Security services have thwarted a planned attack on London similar to the March 11 train bombings in Madrid by Islamic extremists, the British capital’s police chief said on Thursday.
“Thank God to date, and we have had to work extremely hard, we’ve thwarted attacks,” Metropolitan Police Commissioner Sir John Stevens told the BBC.
Asked if his force had stopped a strike on the scale of the Spanish attack, he added: “Yes, I can’t discuss it because of court proceedings — but yes we have stopped a Madrid.”
The morning rush-hour bombings on commuter trains killed 191 people in the most devastating attack in modern Spanish history, just three days before a general election. The attackers claimed to represent al-Qaida in Europe.
'Hundreds' arrested over various plots
Stevens said “a number” of attacks had been thwarted in London and “hundreds” of terrorist suspects were being processed in British courts, according to extracts on the BBC Web site.
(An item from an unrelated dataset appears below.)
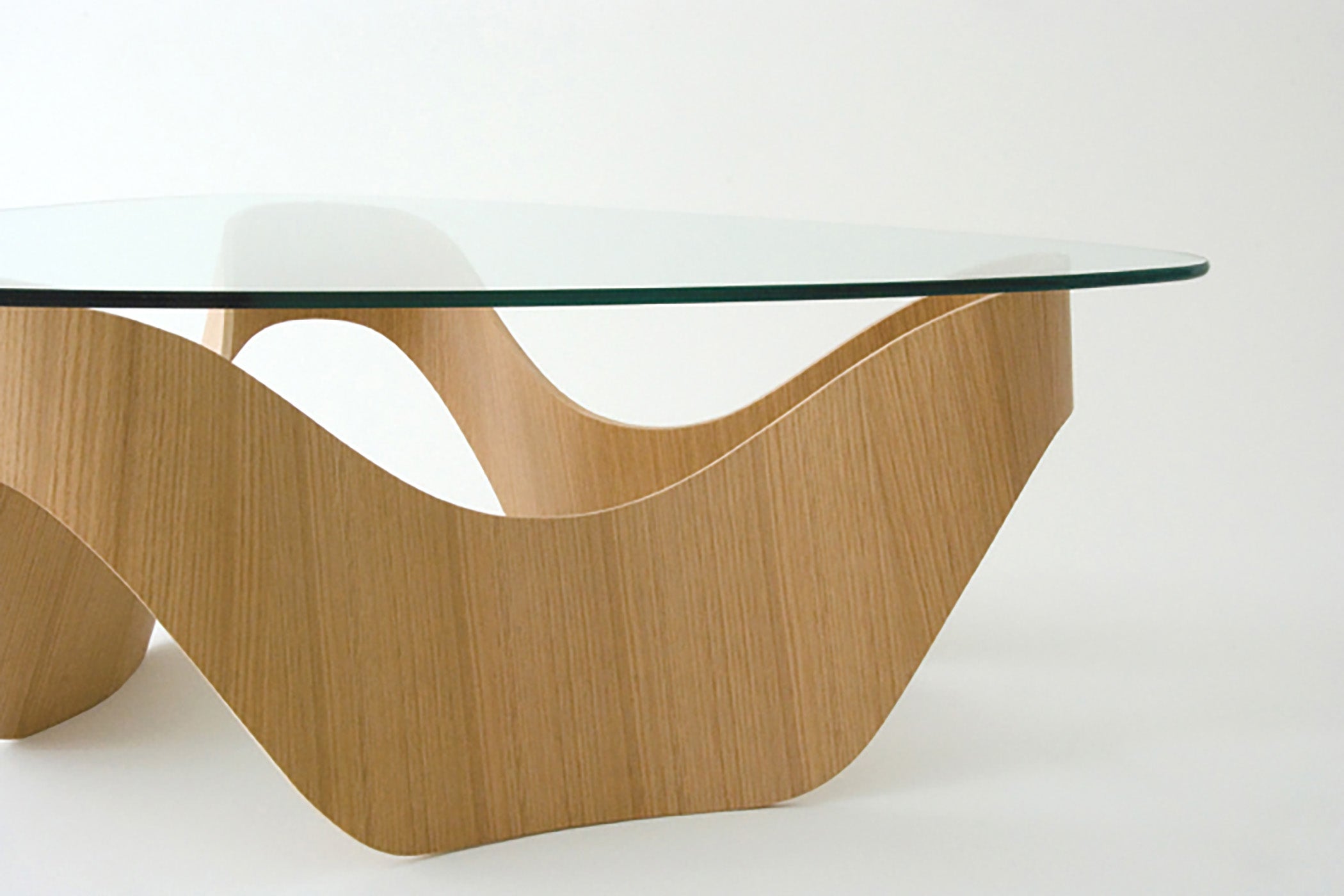 成型合板とガラスによるローテーブルのデザイン。

He would not give any details.
Like other senior public figures here, he reiterated that Britain was a prime target for radicals: “The risk of an attack to London has not changed. An attack is still inevitable.”
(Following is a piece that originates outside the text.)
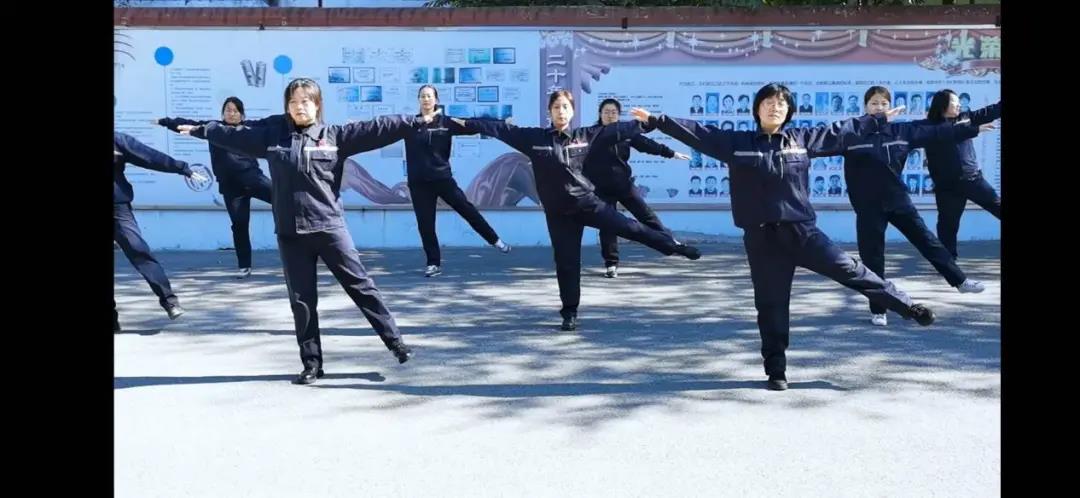 原來,是我們的美女員工們正在操練。看,身著筆挺工裝的她們還在為職工廣播體操展演做最后的準(zhǔn)備。

Only last month, the head of Britain’s security service MI5, Eliza Manningham-Buller, also warned: “There might be major attacks like Madrid earlier this year.”
Britain is considered a target for Islamic radicals due to its coalition with the United States in Iraq.
Although there has been no attack on British soil, the threat was illustrated a year ago with a suicide bombing at a British consulate in Turkey that killed 17 people including the consul general.
Scares and Sept. 11
Critics, however, accuse both British and U.S. authorities of scaremongering, in part to bolster their power.
Britain has arrested more than 600 terrorism suspects since the Sept. 11, 2001, attacks on the United States — but has charged fewer than 100 and convicted only 15.
Also on Thursday, Britain and the United States announced a new agreement to develop counterterrorism technology together.
The accord, signed by Britain’s Home Secretary David Blunkett and U.S. Homeland Security Deputy Secretary James Loy, will allow greater information exchange on security issues.